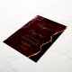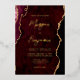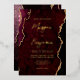 This elegant wedding invitation features a background image of burgundy red watercolor agate trimmed with faux gold glitter. The customizable text combines gold-coloured modern handwriting, copperplate and italic fonts. The reverse side features a coordinating burgundy and gold agate design.
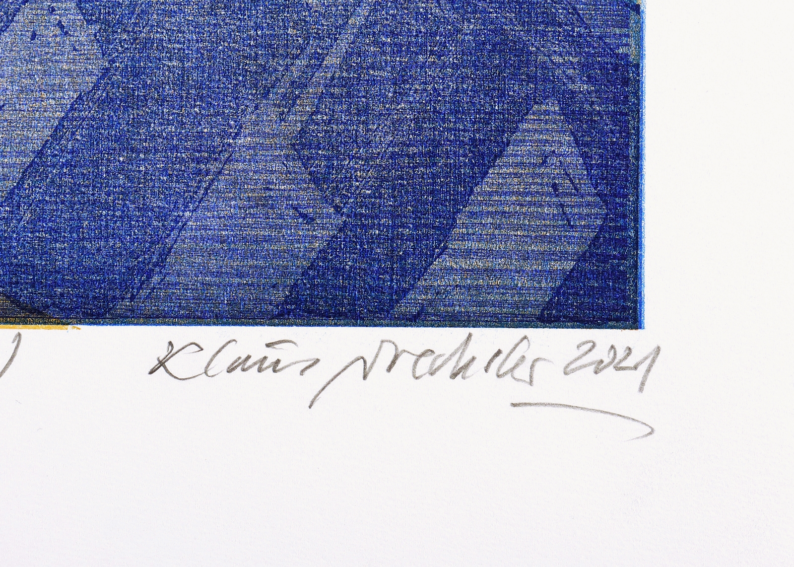 2021. Farbholzschnitt, mit Pochoir, in 6 Farben, auf weißem Zerkall. – Originale Künstlergrafik, von Klaus Drechsler. – Auflage Exemplar Nr. 1/9. – 32,4 x 31,5 cm (Darstellung / Druckbild), 43 x 39 cm (Blatt).
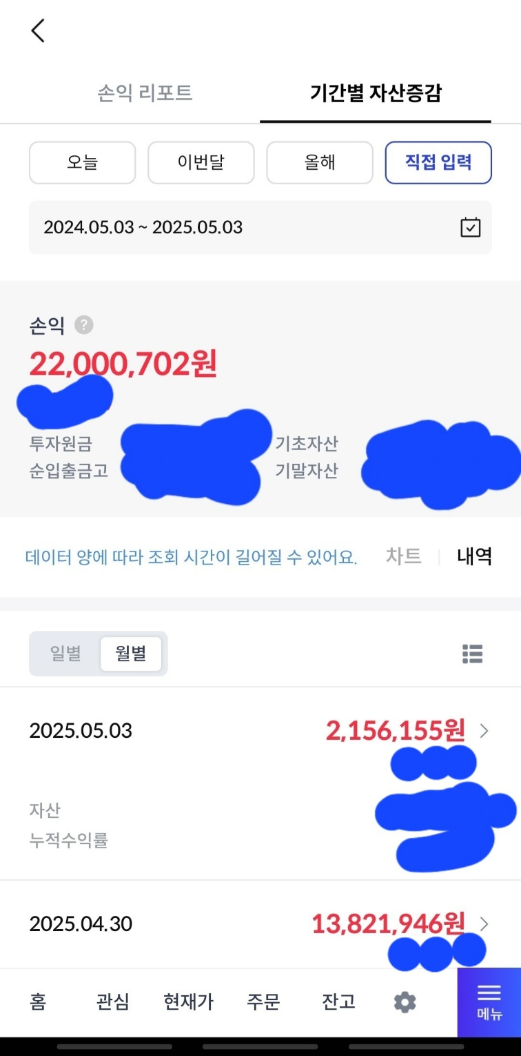 이외에 표기되지 않은 엔/원 & 원/달러 환전 손익까지 24.5.3 ~ 25.5.3 거의 1억에 육박하는 수익을 냈습니다.
* * *
▸ WORK INSTRUCTIONS
Print the listing exactly, images excluded.

▸ EXPECTED OUTPUT
 This elegant wedding invitation features a background image of burgundy red watercolor agate trimmed with faux gold glitter. The customizable text combines gold-coloured modern handwriting, copperplate and italic fonts. The reverse side features a coordinating burgundy and gold agate design.
 2021. Farbholzschnitt, mit Pochoir, in 6 Farben, auf weißem Zerkall. – Originale Künstlergrafik, von Klaus Drechsler. – Auflage Exemplar Nr. 1/9. – 32,4 x 31,5 cm (Darstellung / Druckbild), 43 x 39 cm (Blatt).
 이외에 표기되지 않은 엔/원 & 원/달러 환전 손익까지 24.5.3 ~ 25.5.3 거의 1억에 육박하는 수익을 냈습니다.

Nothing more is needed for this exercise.